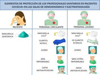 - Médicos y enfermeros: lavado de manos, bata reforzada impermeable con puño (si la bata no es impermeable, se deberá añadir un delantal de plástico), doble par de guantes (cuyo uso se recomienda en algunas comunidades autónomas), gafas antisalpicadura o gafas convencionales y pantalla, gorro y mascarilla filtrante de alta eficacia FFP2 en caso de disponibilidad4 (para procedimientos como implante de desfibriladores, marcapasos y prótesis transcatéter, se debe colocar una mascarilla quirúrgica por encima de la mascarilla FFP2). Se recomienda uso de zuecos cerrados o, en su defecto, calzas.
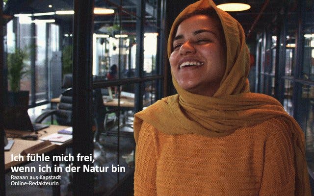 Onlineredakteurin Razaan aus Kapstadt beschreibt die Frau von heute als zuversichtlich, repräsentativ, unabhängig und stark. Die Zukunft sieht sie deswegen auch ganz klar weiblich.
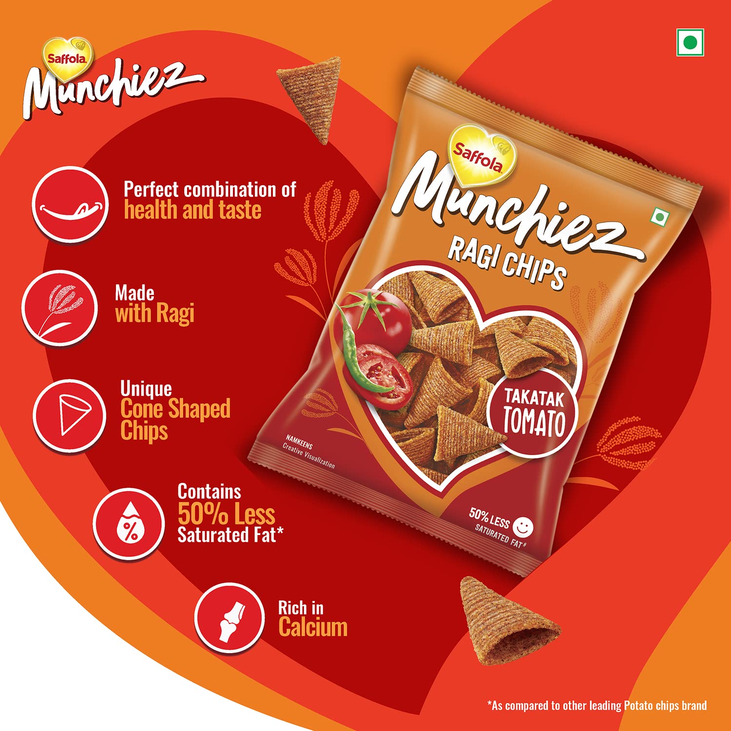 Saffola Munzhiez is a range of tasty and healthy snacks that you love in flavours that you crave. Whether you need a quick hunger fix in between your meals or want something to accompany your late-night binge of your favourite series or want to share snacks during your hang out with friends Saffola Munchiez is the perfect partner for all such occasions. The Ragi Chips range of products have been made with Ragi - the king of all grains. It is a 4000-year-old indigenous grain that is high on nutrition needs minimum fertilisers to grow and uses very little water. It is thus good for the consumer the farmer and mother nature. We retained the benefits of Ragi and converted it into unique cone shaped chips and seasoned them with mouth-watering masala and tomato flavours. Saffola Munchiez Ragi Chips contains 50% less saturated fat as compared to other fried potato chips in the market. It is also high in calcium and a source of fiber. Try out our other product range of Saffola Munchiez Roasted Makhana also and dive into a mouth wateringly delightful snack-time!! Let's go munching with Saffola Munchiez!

==

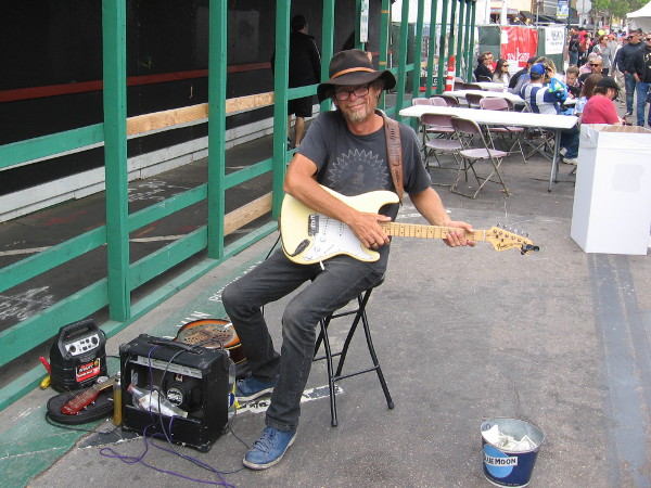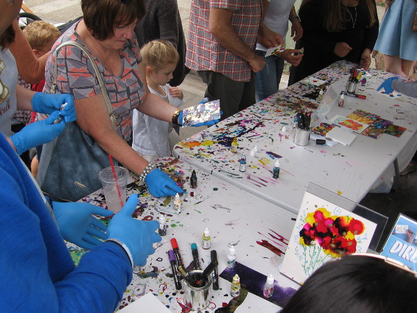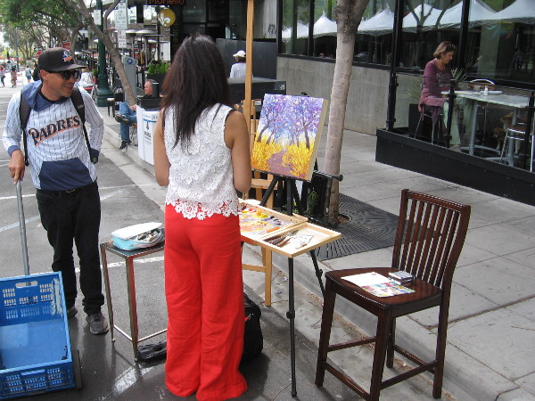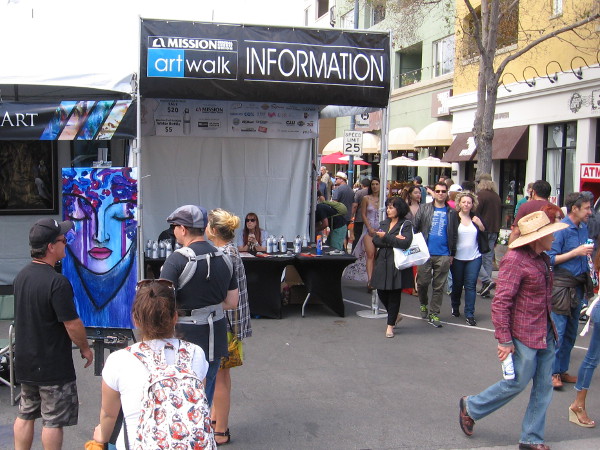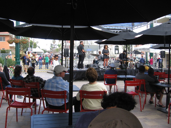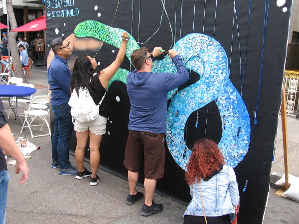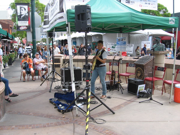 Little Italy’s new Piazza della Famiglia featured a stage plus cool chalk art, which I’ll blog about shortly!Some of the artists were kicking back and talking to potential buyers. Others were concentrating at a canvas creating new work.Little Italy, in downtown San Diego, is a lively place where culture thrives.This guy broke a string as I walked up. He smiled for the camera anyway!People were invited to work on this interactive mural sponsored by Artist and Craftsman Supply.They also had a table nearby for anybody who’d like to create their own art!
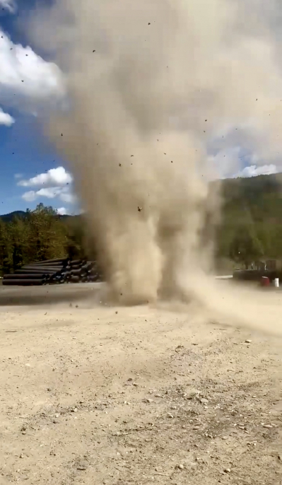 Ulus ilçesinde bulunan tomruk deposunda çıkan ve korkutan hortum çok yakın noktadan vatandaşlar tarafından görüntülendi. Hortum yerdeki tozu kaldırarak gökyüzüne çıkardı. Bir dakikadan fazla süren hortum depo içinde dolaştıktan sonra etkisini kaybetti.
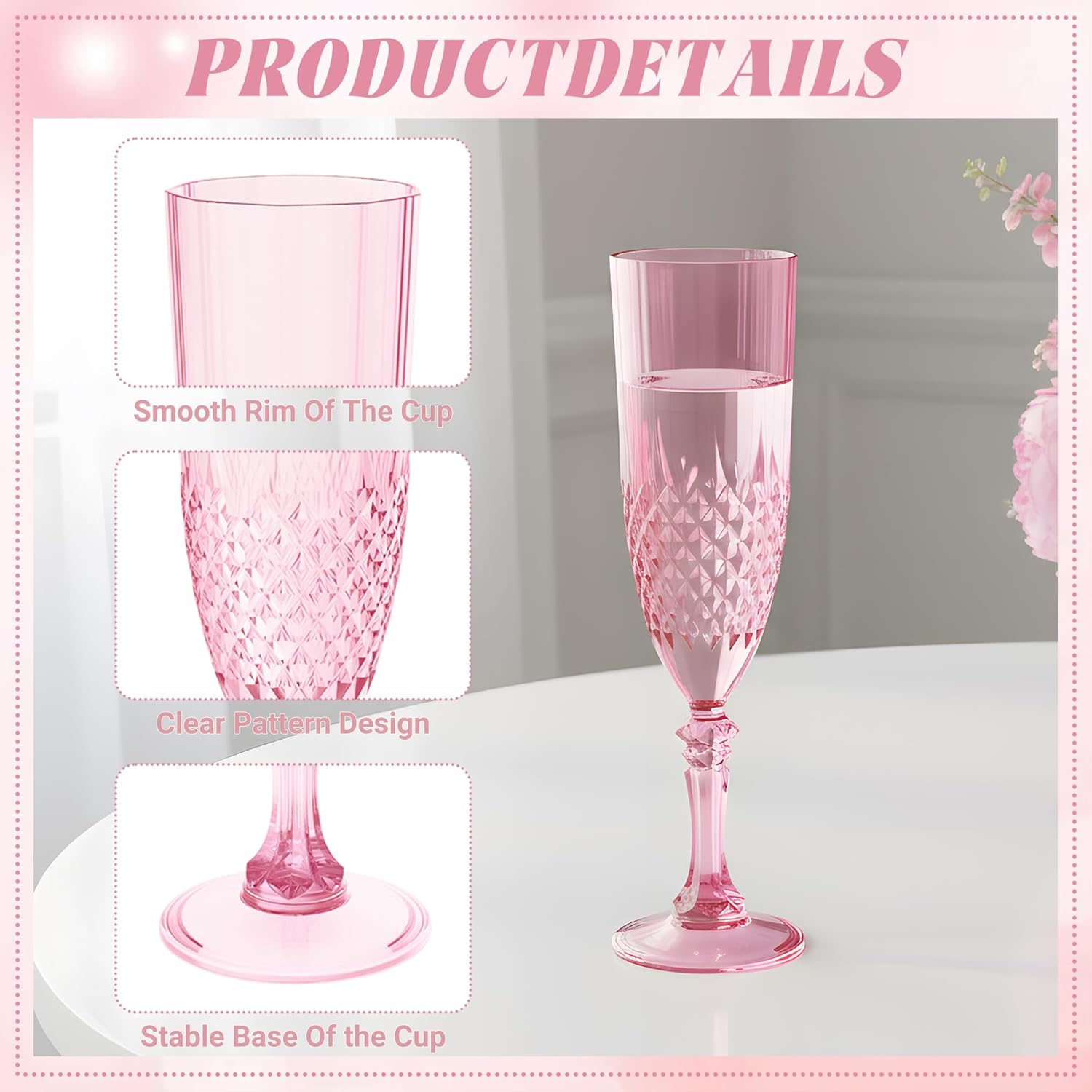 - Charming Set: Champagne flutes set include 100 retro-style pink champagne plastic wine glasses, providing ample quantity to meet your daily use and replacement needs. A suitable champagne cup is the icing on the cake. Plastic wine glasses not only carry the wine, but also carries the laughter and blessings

EXERCISE DIRECTIONS: Lines from the one above containing "- Médicos y" down to the one containing "Onlineredakteurin Razaan aus" should be transcribed exactly, with both ends kept and no pictures.

ANSWER TO THE PROBLEM:
 - Médicos y enfermeros: lavado de manos, bata reforzada impermeable con puño (si la bata no es impermeable, se deberá añadir un delantal de plástico), doble par de guantes (cuyo uso se recomienda en algunas comunidades autónomas), gafas antisalpicadura o gafas convencionales y pantalla, gorro y mascarilla filtrante de alta eficacia FFP2 en caso de disponibilidad4 (para procedimientos como implante de desfibriladores, marcapasos y prótesis transcatéter, se debe colocar una mascarilla quirúrgica por encima de la mascarilla FFP2). Se recomienda uso de zuecos cerrados o, en su defecto, calzas.
 Onlineredakteurin Razaan aus Kapstadt beschreibt die Frau von heute als zuversichtlich, repräsentativ, unabhängig und stark. Die Zukunft sieht sie deswegen auch ganz klar weiblich.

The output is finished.